Investment ROI Calculator
Calculate the return on your investment portfolio. Whether it's stocks, mutual funds, bonds, or real estate, measure your investment performance with annualized returns and total profit calculations.
Understanding Return on Investment (ROI)
Return on Investment (ROI) is the most widely used metric for evaluating investment profitability. It measures the percentage gain or loss on an investment relative to its cost. While simple to calculate, ROI has a key limitation—it doesn't account for time.
ROI and CAGR Formulas
ROI = ((Final Value - Initial Investment) / Initial Investment) × 100
CAGR = ((Final Value / Initial Value)^(1/Years)) - 1
Example Calculations
| Initial | Final | Period | ROI | CAGR |
|---|---|---|---|---|
| $25,000 | $45,000 | 7 years | 80% | 8.77% |
| $100,000 | $180,000 | 5 years | 80% | 12.47% |
Why CAGR Matters
A 50% ROI sounds great, but context matters. 50% over 1 year is excellent (equivalent to 50% CAGR), but 50% over 10 years is poor (only 4.14% CAGR). CAGR normalizes returns to an annual rate, allowing fair comparison between investments held for different periods.

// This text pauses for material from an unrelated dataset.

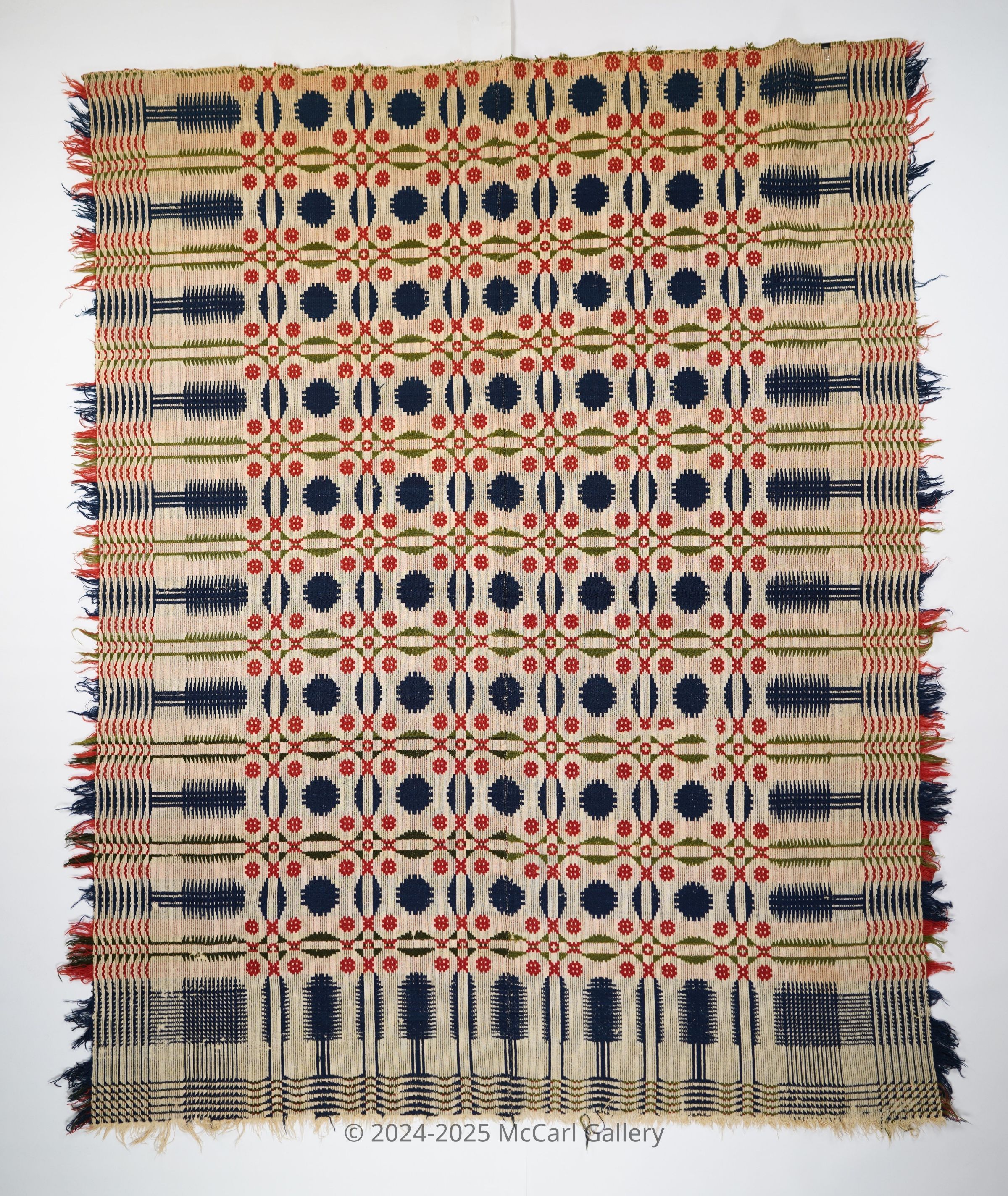 Red, green, navy, and natural geometric coverlet with self-fringe and border on three sides. Two joined panels.Collection
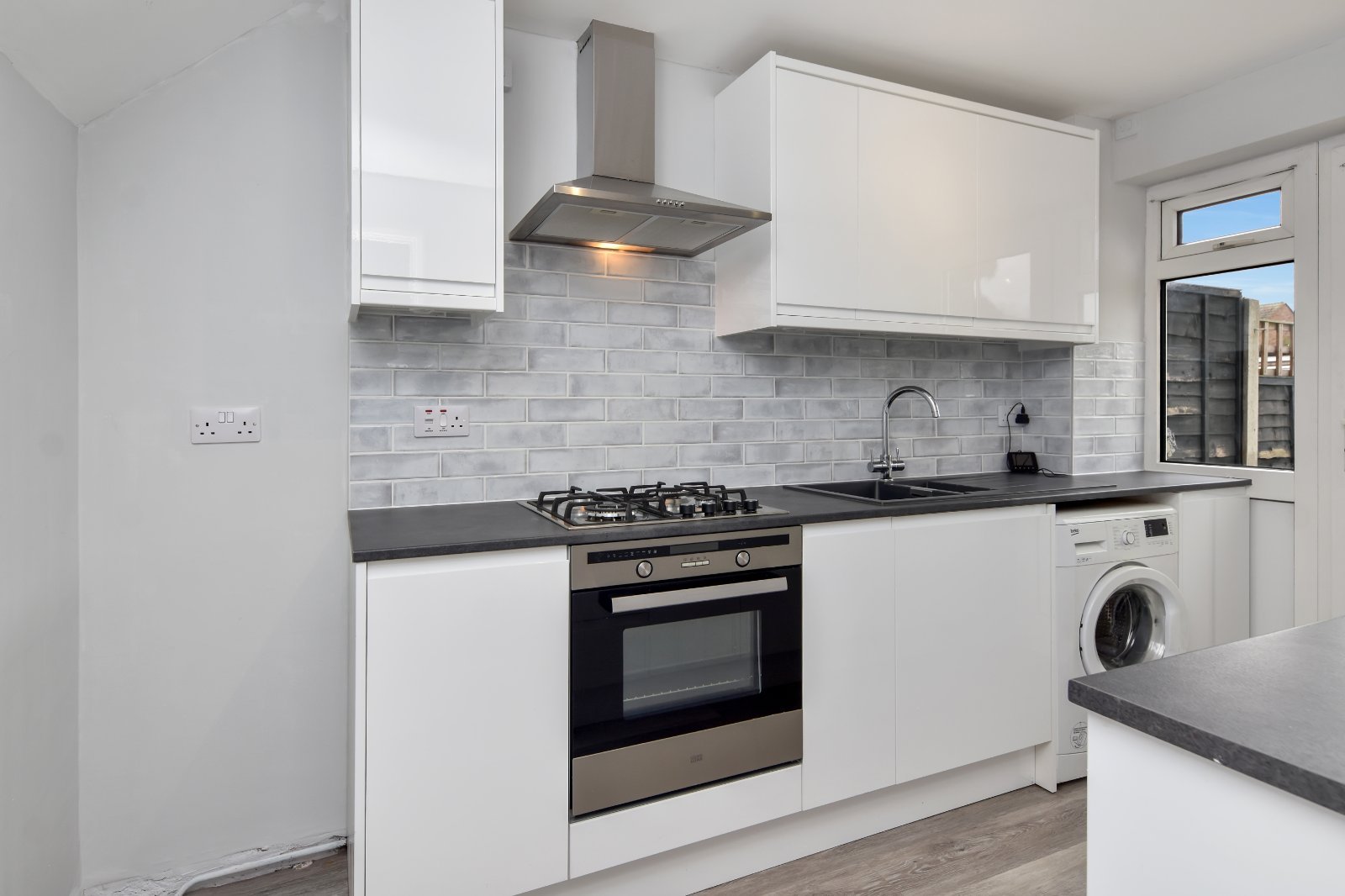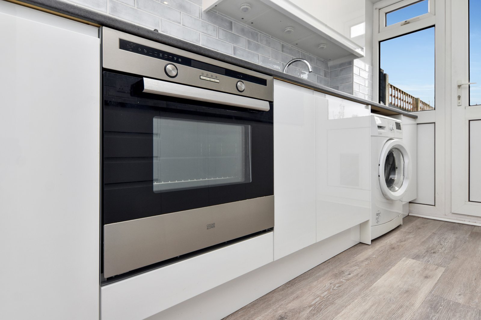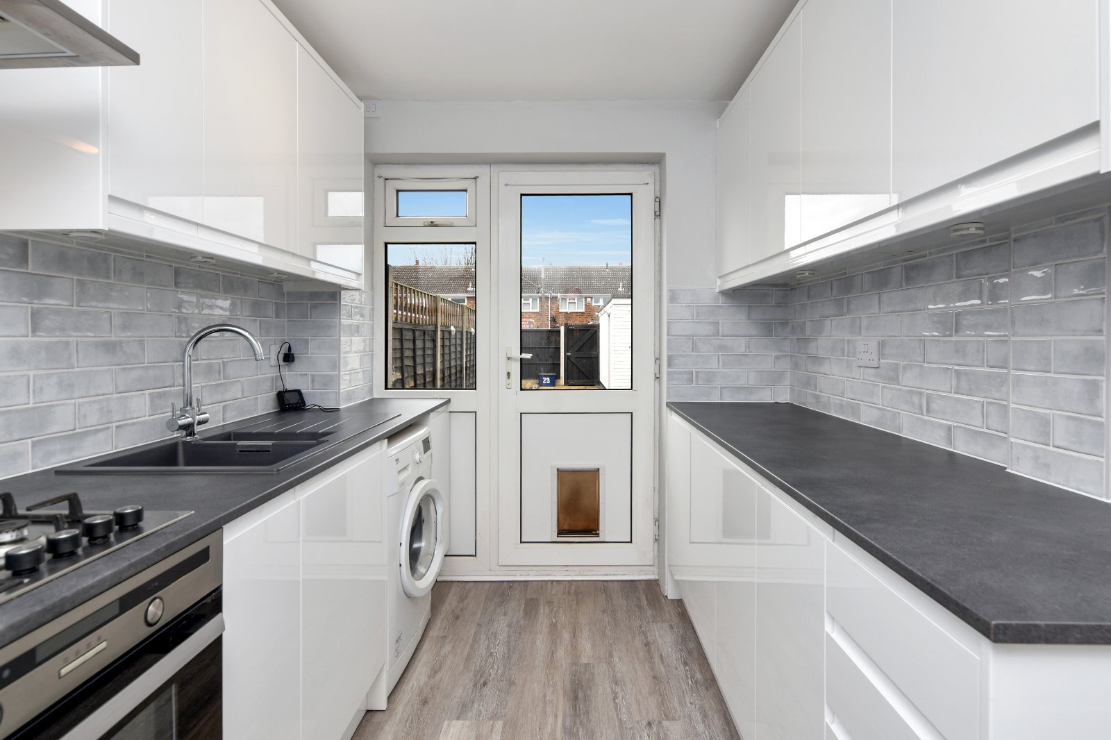 Double glazed door to rear with adjacent window providing good natural light. The recently upgraded Kitchen is fitted with a range of modern high gloss base and eye level units with rolled edge work surfaces incorporating a composite one and a half bowl sink and drainer unit with mixer tap. Integrated 'Cooke & Lewis' double oven with four ring gas hob over and wall mounted stainless steel extractor canopy over. Tiled splashbacks and under unit lighting. Under counter 'Beko' washing machine (included). Karndean flooring. Smooth plastered ceiling.

ROI Benchmarks by Investment Type
- Stock Market (S&P 500): ~10% annual historical return
- Real Estate: 8-12% annual return (including rental income)
- Bonds: 3-6% annual return (lower risk)
- Savings Account: 0.5-2% annual return
- Venture Capital: 15-25% target IRR (high risk)

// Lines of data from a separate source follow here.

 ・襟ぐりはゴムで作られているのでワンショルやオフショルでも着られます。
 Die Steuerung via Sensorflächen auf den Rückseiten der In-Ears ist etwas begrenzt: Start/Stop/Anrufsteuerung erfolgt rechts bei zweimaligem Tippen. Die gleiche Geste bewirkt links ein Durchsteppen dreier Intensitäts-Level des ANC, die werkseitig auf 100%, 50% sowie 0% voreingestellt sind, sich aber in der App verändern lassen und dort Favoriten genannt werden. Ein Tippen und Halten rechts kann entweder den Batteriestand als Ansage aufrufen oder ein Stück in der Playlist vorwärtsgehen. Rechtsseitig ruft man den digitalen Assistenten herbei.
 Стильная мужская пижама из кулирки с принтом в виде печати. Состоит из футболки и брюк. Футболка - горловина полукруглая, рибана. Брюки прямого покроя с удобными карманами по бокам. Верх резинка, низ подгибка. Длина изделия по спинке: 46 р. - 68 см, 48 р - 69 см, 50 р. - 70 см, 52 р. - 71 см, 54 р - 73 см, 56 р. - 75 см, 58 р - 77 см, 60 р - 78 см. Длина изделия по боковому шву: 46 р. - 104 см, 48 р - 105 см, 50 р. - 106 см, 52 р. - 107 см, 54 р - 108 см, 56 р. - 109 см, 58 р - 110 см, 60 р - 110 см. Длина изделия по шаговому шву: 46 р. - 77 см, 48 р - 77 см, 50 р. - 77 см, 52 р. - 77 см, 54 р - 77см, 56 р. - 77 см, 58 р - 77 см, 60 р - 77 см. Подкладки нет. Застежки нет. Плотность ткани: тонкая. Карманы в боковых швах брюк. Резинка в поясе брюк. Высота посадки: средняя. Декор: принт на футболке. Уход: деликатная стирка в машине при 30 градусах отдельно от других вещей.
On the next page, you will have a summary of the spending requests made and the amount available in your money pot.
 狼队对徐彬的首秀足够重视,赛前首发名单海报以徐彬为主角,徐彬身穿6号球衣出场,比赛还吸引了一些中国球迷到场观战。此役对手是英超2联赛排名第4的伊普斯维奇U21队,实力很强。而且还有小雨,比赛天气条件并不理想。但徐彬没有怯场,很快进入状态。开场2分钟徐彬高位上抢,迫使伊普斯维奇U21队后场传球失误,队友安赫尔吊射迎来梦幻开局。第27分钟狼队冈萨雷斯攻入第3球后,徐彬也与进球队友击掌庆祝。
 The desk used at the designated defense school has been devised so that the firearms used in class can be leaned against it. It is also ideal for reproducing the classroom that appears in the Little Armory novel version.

Frequently Asked Questions
How do I calculate ROI on stocks?
Stock ROI = ((Current Value + Dividends - Purchase Price) / Purchase Price) × 100. Include dividends received for total return. Our calculator helps you find both absolute ROI and annualized CAGR.
What affects investment ROI?
ROI is affected by market conditions, timing, fees, taxes, and compound growth. Longer investment periods typically yield better results due to compounding. Consider reinvesting dividends for higher returns.